Catching Fragments
Clifford Thurlow's Journey to We Shall Pass
Clifford Thurlow's Journey to We Shall Pass
Welcome to day five of our Book Week Scotland series! Today, we feature a guest blog by Clifford Thurlow, author of We Shall Pass. In this piece, Thurlow reflects on the origins of his novel, capturing fragmented memories from post-Franco Spain.
Bob Dylan once remarked that he didn’t so much write his songs as catch them – phrases drifting overhead like contrails in the upper air, waiting for someone with a net. The beginnings of my novel We Shall Pass arrived that way. Not as a plot, nor even an idea, but as fragments: the corner piece of a jigsaw with the middle missing; a move in a chess game whose rules no one had bothered to explain.
I was teaching English in Barcelona then, in the uneasy years after the Transition – from Franco into the Unknown. People lived in the present tense, as if history were a bad memory they preferred not to talk about. In certain bars you still found Franco’s portrait – yellowing, fly-specked, defiantly nailed to the wall. In others there remained only the rectangle of unfaded paint where the generalísimo had once glowered. Silence settled over the subject like dust.

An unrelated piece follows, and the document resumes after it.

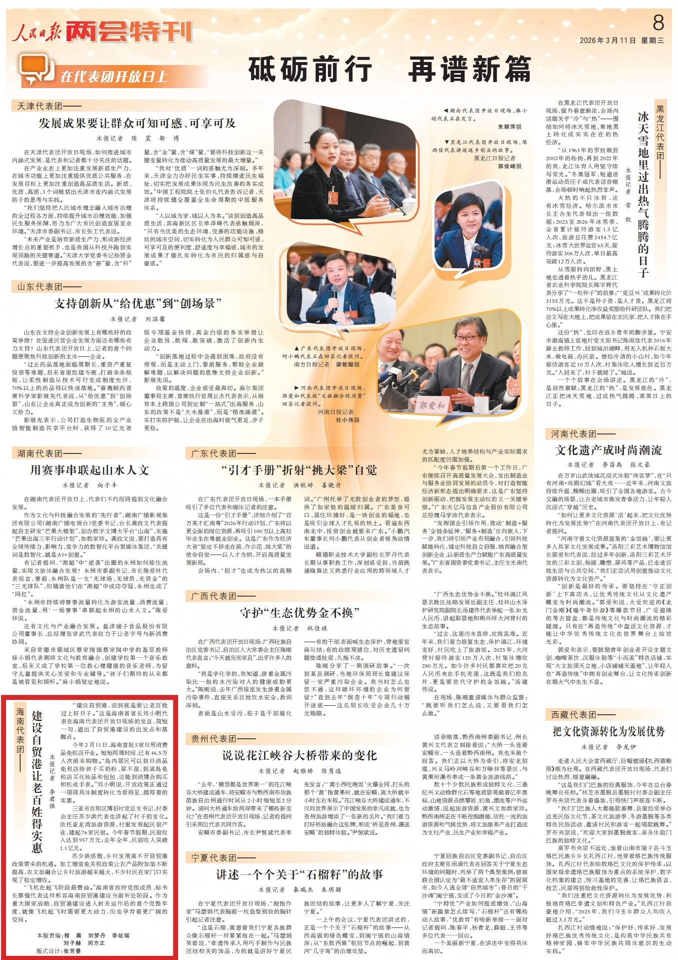 3月11日,人民日报第08版两会特刊以《砥砺前行再谱新篇(在代表团开放日上)》为题刊发文章。其中提到,在海南代表团开放日现场,代表们表示,建设自贸港旨在让百姓得实惠,当前自贸港建设进入开放发展新阶段,前景可期。以下为该版面图及文章全文内容:

In my off-hours I read Orwell’s Homage to Catalonia. I visited the Zurich Bar where he had smoked cheap cigarettes with his POUM comrades, men who were meant to be on the same side but spent half their days shooting at each other over competing blueprints for a better world. I went to Jarama, that scorched valley where the British Battalion of the International Brigades had held the line in 1937. Something spectral hung in the air there, a residue of shouted slogans and last breaths. “¡No pasarán!” “¡Pasaremos!” They Shall Not Pass. We Shall Pass. The title arrived before I knew the story.
Back in Barcelona, a student told me her grandfather’s tale. He had been imprisoned by the Nationalists in the dying days of the war, condemned to hang at dawn. His only rebellion was a voice – a pure, choral tenor that rose each morning with the sun and drifted down the corridors like incense. On the day appointed for his execution, the prison governor listened, then disobeyed his own orders. “How can I hang a man to whom God has given the voice of an angel?” he said. The singer remained behind bars until 1950, long after the guns had fallen silent. Spain has always preferred its miracles to be half-hidden.

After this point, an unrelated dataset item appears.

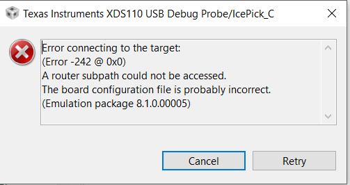 i'm learning my cc2650lp, project zero. when i debug program, i got this error:

I learned, too, that more Scots volunteered for the Brigades, proportionally, than any other nationality. Something about that caught. Perhaps it connected, in the secret way memory does, to the Glasgow hunger marchers of 1936, cut down in Whitehall by mounted police. Official history barely footnotes them. But the dead have a way of insisting.

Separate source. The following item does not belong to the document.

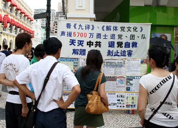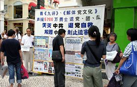 正值暑假,大陆游客很多,尤其是年轻人,都趁学校放假,到澳门观光购物。下午约二点半,学员刚举起横额,就有一位十几岁的年轻人来拿资料,并对学员说:“其实我们都知道,我们私下都互相议论中共的不好,只是没有办法。”学员对他说:“不是没有办法,只要大家都看《·九·评*共产党》,认清中共的真面目,不配合它行恶,它就没办法了。”学员并向他讲述三:退.的重要性,年轻人点头称是,并当场退了团,同时表示会把三:退.的讯息带给自己的朋友。

And then – another drifting fragment – a character stepped through the smoke. A young Scottish dockworker, jobless, furious, his best mate Jimmy lying on a morgue slab after the police charge. I called him Robbie Gillan, borrowing a friend’s name because it felt honest. Beside him, a young nurse, Alice Sheridan, watched this battered boy curse the world that had produced him. Robbie swears he’d go to Spain if he had the money. Alice quietly places £5 in his palm. And there it was: an impossible romance, the kind history tries but never quite manages to extinguish.
Years later I stood in the trenches at Jarama, the same ground where Robbie and his comrades would have crouched under fire. The olive trees whispered in the wind. The story was already there. I had only to reach up and catch it.